窓ぎわのトットちゃん(2023年製作の映画)
4.1
2023年のベスト10をコメント欄に載せました。

黒柳徹子が自ら出資して制作にも相当関わったそうで「黒柳徹子」が「製作委員会」と横並びでクレジットされている。

アメリカでストがあったり、テイラースウィフトが自分の望む上映方法を映画館に認めさせたり、作り手が自分の権利を確保して良いものを作るべき、という去年の映画の潮流に実はちゃんと乗っている。こういう作品ほど売れて欲しい。

一聴してわかる冒頭の黒柳徹子の声が、アウトサイダーとして描かれる少女が現実を生き抜いてきたことを示していて、序盤から涙腺うるうるでした。

・トモエ学園での生活は色とアクションに溢れている。戦争に突入すると、個人は色を失い、ちんどん屋に象徴される「かぶき者」は抑圧されていく。それでも子供たちの想像力が爆発し、日常を飛び越えるシーンが描かれる。いわさきちひろの絵がグネグネ動く場面もあるし、「雨に唄えば」のオマージュシーンは音楽を奪われた子供の抵抗という意味で「サウンドオブミュージック」的でもあった。

・終盤までは正直「なるほどよく出来てるなー」くらいのテンションだったのだが、クライマックスでトットちゃんが走る場面は、ちょっと度肝を抜かれた。

街を走り抜けるシンプルな場面ながら、生と死が反転し、死に向かうことが祝祭と化した異様な空気に、子供も大人も飲み込まれた社会を描いている。

トットちゃんは、ハシゴを引きずった場面で彼女の後ろに2本の線が引かれるように「自ら思う方向へ動く電車」として演出されている。しかしあの場面では、本物の電車が彼女を抜き去っていく。不可避な死の運命、止まらない社会の熱狂を「トットちゃんを追い抜く巨大な存在」が突きつけている。

二人三脚の運動会は一時の夢に過ぎない。自由の教室だった電車が、逆の意味を込めて冷たく描かれている。続く街中のシーンでも作画を変えず、トットちゃんが見てこなかった戦中の風景を淡々と切り取る。前半からの転調っぷりが恐ろしい。

この場面には高畑勲のような、無機質な絵が描ける生と死の転倒がある。両極に傾き得る怖さを突き付けられるからこそ「死を美化するのではなく、生を肯定する絵を描く意味」があるのだと思った。こんな真っ直ぐな気持ちにさせてくれた作品は久しぶりだ。

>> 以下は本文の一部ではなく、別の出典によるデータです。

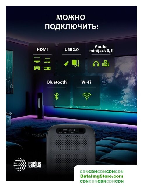 матрица LCD, WXGA (1280x720), светодиодный (LED), яркость 350 ANSI лм, контраст 1500:1, расстояние 1.1-3 м, экран 40-110", Wi-Fi
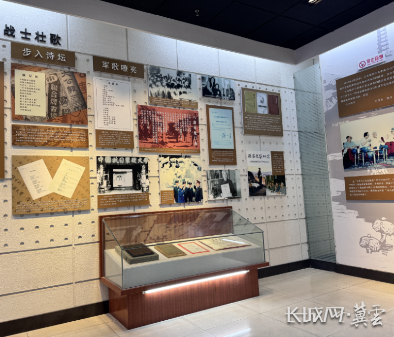 沿着展墙,“诗界旗帜,战士壮歌”的板块瞬间将我们带回那段烽火岁月。1939年,公木在延安的山洞里,与郑律成共同创作《八路军大合唱》。没有风琴,郑律成便哼着曲调,公木侧耳倾听、反复修改,最终诞生了《八路军军歌》《八路军进行曲》《骑兵歌》《炮兵歌》等经典歌曲。展柜里,还陈列着1988年中央军委的命令复印件,由邓小平同志亲笔签署,将《八路军进行曲》正式确定为《中国人民解放军军歌》。

彼女は水たまりに反射した空に辿り着き(水は泰明ちゃんの象徴)、分裂してしまったもう一つの世界に向かって涙を流す。ラストシーン、トットちゃんの変わらぬ「窓際性」を示しつつ、彼女は子供を見守る立場に変わり、ちんどん屋の世界に飛び出すことなく、映画は幕を閉じる。

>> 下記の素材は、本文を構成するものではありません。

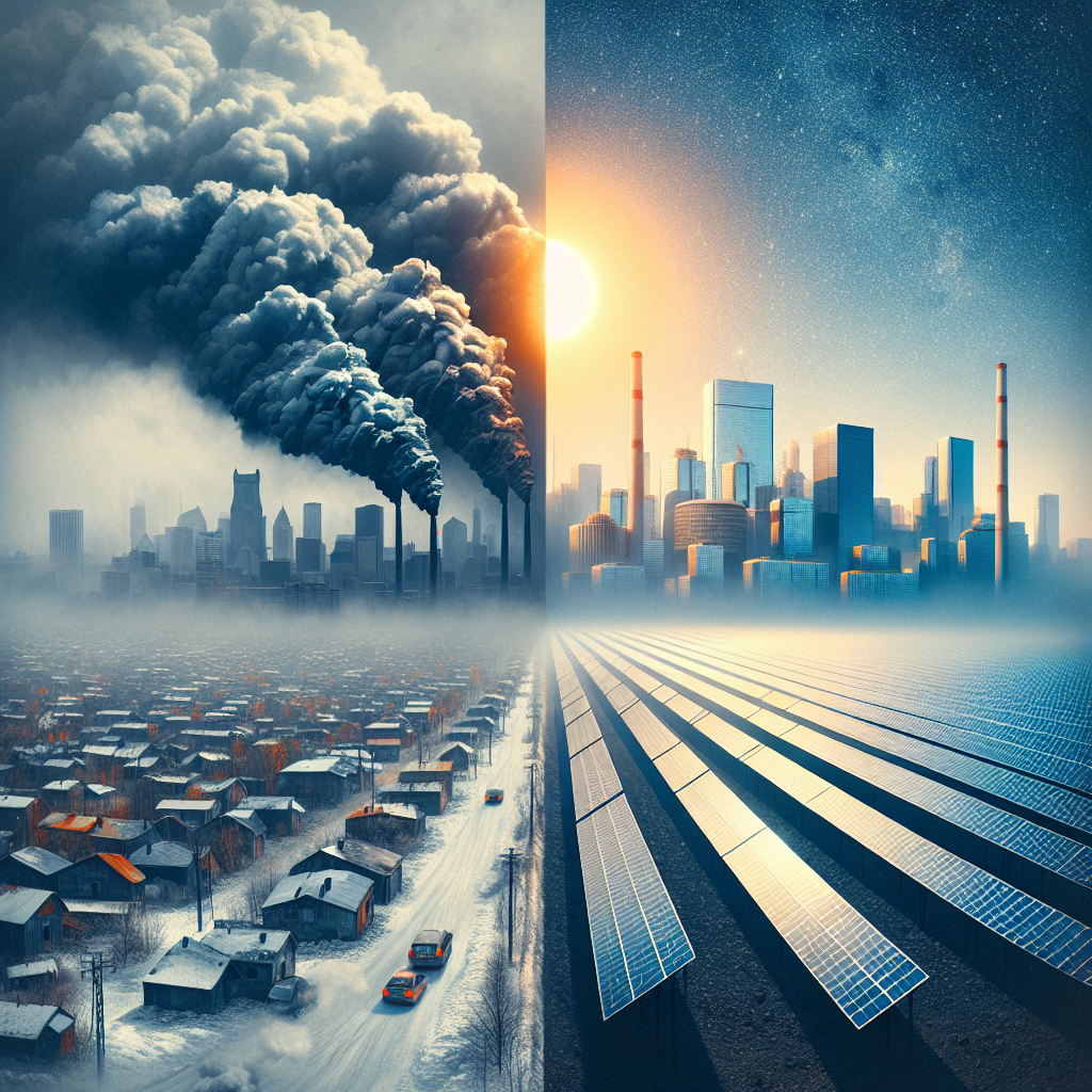 ChatGPT: Generate an image in the style of scalar art that contrasts the urban pollution of Duluth's hazy skyline with the clean energy production in Gabon. Show a cityscape of Duluth wrapped in thick smog and dark industrial chimneys, juxtaposed with a bright scene in Gabon where a vast solar power plant basks in the sun, with rows of glimmering solar panels. Depict the stark contrast between pollution and renewable energy in these two locations with bold, contrasting visual elements.

・反転描写で言うと、海ゆかばの使い方も上手い。海や山の幸を楽しむ子供の対比として、音楽が奪われた「国民食堂」に「天皇のために海や山の屍となっても後悔はない」と響く皮肉。

・背景を説明しないでガンガン進むので子供が見てもわかる作りになっている。お父さんの勤め先はN響の前身で、指揮者のローゼンシュトックはユダヤ系のため母国を追放されている、だから三国同盟に苦々しい表情をしている

・駅員のおじさんが散っていく桜の下に立つ。木に登ろうとしていた泰明ちゃんが、雨降る夜空を見上げる。この辺りも後から考えるとゾッとする演出。

・終盤までわりと冷静な気持ちで見ていたのは「実写の方が向いてる題材では?」との思いが拭えなかったからだ。合理性や同調圧力ありきの大人の世界に「ロジックを超えた会話」やアクションで抵抗する子供。この構図は記号の集積であるアニメよりも、生身の体で描いた方がいいのではと、見ながら考えていた。

(男女の体を区別なく描き、一緒にプールに入ることで泰明ちゃんが重力と社会的スティグマから解放されるシーンは、アニメならではでなるほどと思った)

児童文学であり、子供向け映画であり、私のよく行くシネコンが家族連れから高齢者までほぼ満席だったのを見ても、アニメ化で正解なのは間違いないが、このクオリティの実写化は出来ないものだろうか。作品の質とは別のところで妙なもどかしさを覚えてしまった。